Somehow tax reform is once again on Washington’s lips this week. In a loosely related development, the Treasury Department was proud today to announce the release of new data (PDF) on the performance of the New Markets Tax Credit, a program established in 2000 with the enthusiastic support of Al Gore that provides a federal tax subsidy for equity investments in low-income communities. A bit below 60 percent of this money goes to boost real estate investments, and a bit below 40 percent goes for investments in operating businesses.
The idea is that to be eligible you need to be located in a census tract that meets one of several indicators for “severe distress” economically speaking, and the program seems to be a small-but-effective way of spurring investment in these communities.
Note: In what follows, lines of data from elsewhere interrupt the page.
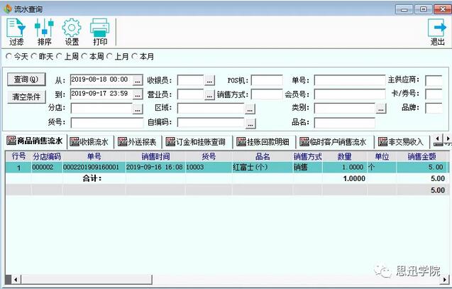 在總部后臺(tái)[零售管理]——[流水查詢]中記錄的是紅富士(個(gè))的銷售數(shù)量。
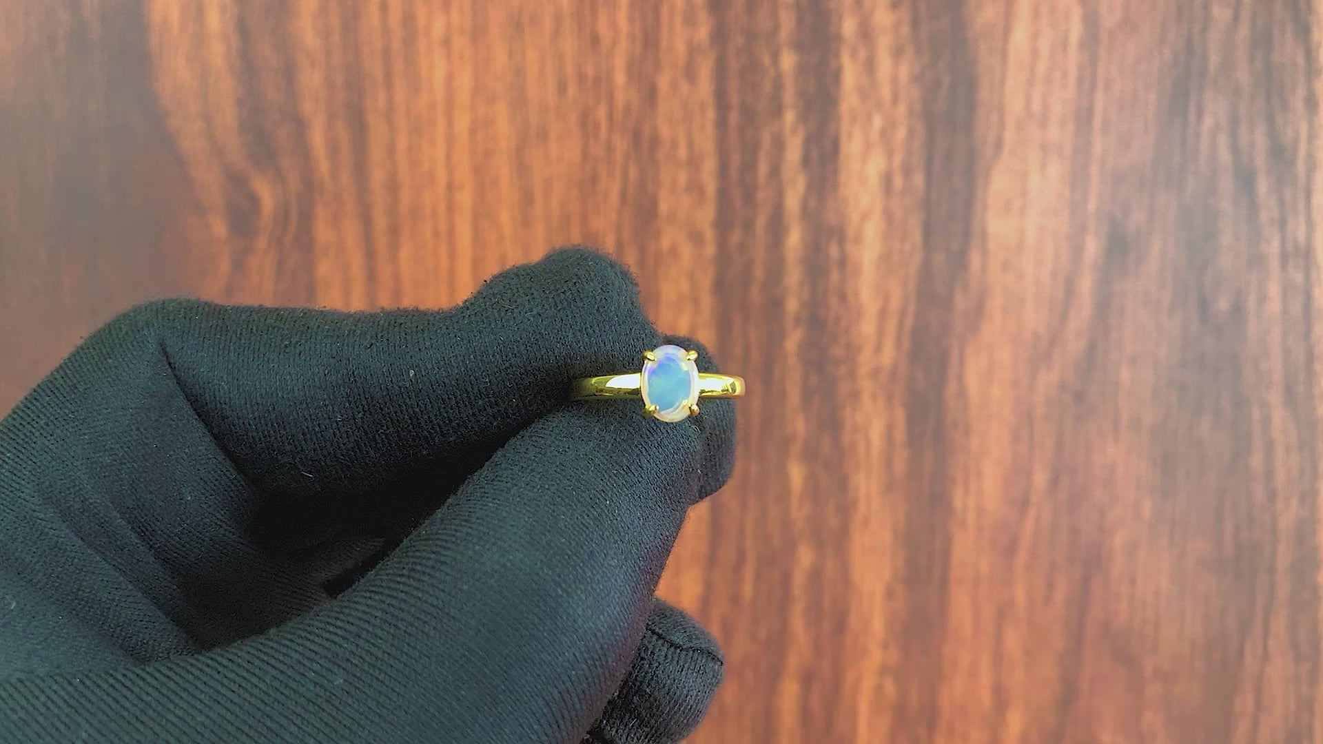 This exquisite gold plated silver ring is designed with a beautiful White Opal stone, 8x6mm, which will fill your wardrobe with a touch of glamour. Add a magical sparkle to your look with a luxurious solitaire ring crafted for a memorable, eye-catching style. Perfect for special occasions or everyday elegance.
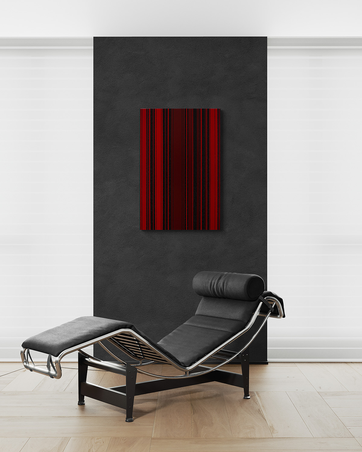 Dieses abstrakte Gemälde untersucht den Rhythmus und die Spannung zwischen Rot und Schwarz durch präzise ausbalancierte vertikale Strukturen.

And if you think about the urban revitalization process you can see why this is important. Private businesses are first and foremost run for private benefit. But the reality is that the first guy to renovate a vacant building on a block full of derelict storefronts and a liquor store creates some meaningful positive spillovers for the rest of the community. People would rather patronize businesses that are near other businesses, and patronize them in clusters of buildings that look attractive. That’s why they build shopping malls in the suburbs. So a round of applause for everyone.
But again note that this program would have to be considered one of those dastardly “tax loopholes” that everyone’s talking about closing. And perhaps it should be closed in the context of an overall reform package that raises revenues while lowering tax rates. But it’s easier said than done. These loopholes tend to get created for real reasons, and there are real people out there benefitting from them.